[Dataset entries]
--------------------------------------------------
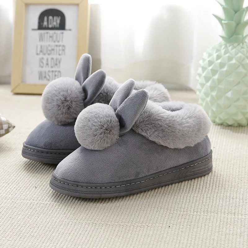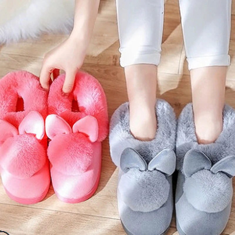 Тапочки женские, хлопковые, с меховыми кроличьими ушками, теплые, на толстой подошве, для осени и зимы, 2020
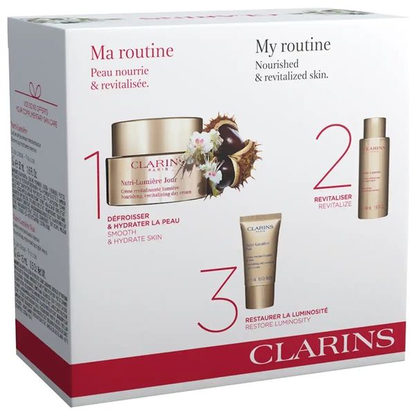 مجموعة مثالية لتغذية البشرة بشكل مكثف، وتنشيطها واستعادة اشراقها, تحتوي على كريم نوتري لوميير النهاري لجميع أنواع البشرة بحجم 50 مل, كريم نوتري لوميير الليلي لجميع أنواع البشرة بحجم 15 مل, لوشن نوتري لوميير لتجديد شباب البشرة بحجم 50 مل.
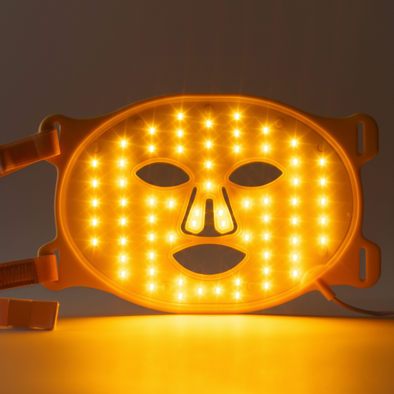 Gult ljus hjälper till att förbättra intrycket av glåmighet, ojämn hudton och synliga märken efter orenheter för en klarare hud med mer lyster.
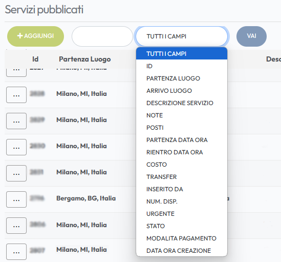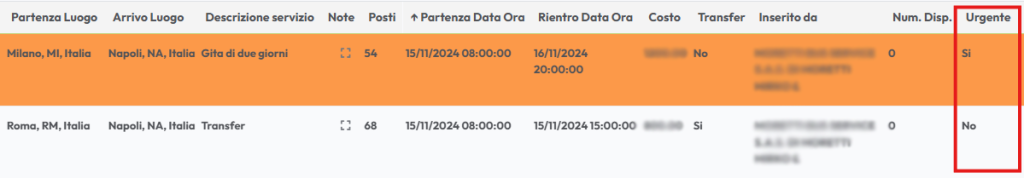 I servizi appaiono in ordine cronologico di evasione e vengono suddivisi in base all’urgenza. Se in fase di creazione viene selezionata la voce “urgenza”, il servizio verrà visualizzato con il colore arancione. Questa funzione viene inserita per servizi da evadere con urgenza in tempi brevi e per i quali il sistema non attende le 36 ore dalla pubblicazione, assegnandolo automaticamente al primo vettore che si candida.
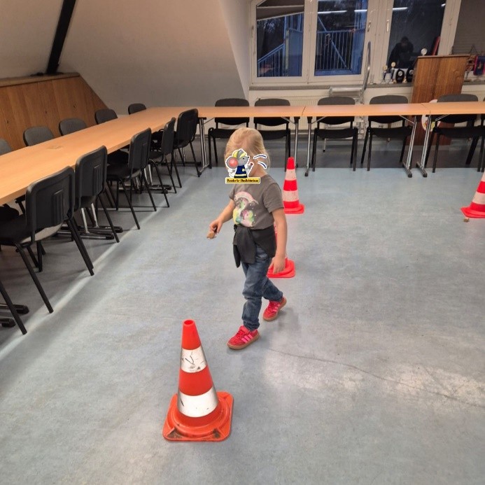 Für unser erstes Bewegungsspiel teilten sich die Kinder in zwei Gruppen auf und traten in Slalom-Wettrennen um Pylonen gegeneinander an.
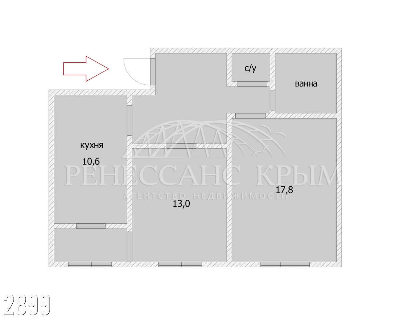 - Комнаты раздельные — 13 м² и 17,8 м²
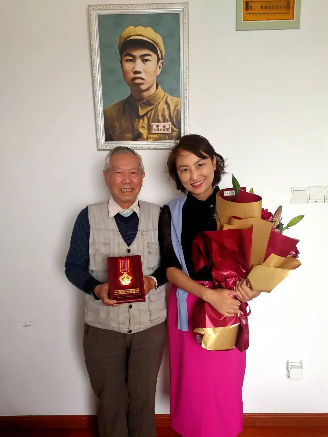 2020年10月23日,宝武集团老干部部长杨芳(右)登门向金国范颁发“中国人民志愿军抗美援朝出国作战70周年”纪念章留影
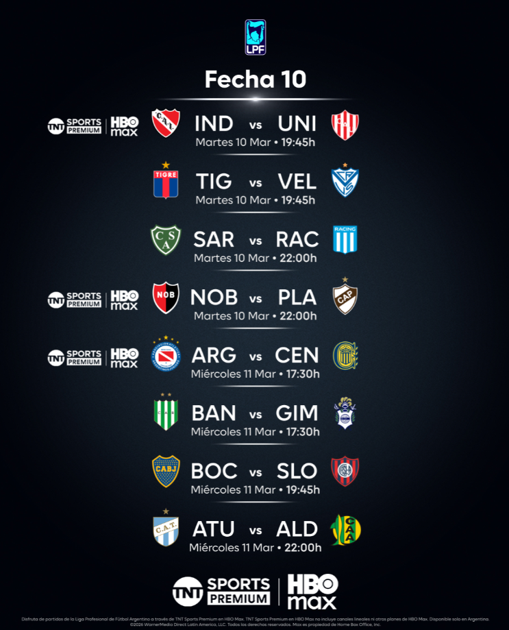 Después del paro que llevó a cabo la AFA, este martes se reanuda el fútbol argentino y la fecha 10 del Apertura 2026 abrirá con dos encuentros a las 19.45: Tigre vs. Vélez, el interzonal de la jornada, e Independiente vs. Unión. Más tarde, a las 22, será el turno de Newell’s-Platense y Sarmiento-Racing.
--------------------------------------------------
ASSIGNED TASK: Nothing but the lines from the one containing "I servizi appaiono" through the end of the entries is to be retyped, exactly as written and without pictures.

RESPONSE TO THE TASK:
 I servizi appaiono in ordine cronologico di evasione e vengono suddivisi in base all’urgenza. Se in fase di creazione viene selezionata la voce “urgenza”, il servizio verrà visualizzato con il colore arancione. Questa funzione viene inserita per servizi da evadere con urgenza in tempi brevi e per i quali il sistema non attende le 36 ore dalla pubblicazione, assegnandolo automaticamente al primo vettore che si candida.
 Für unser erstes Bewegungsspiel teilten sich die Kinder in zwei Gruppen auf und traten in Slalom-Wettrennen um Pylonen gegeneinander an.
 - Комнаты раздельные — 13 м² и 17,8 м²
 2020年10月23日,宝武集团老干部部长杨芳(右)登门向金国范颁发“中国人民志愿军抗美援朝出国作战70周年”纪念章留影
 Después del paro que llevó a cabo la AFA, este martes se reanuda el fútbol argentino y la fecha 10 del Apertura 2026 abrirá con dos encuentros a las 19.45: Tigre vs. Vélez, el interzonal de la jornada, e Independiente vs. Unión. Más tarde, a las 22, será el turno de Newell’s-Platense y Sarmiento-Racing.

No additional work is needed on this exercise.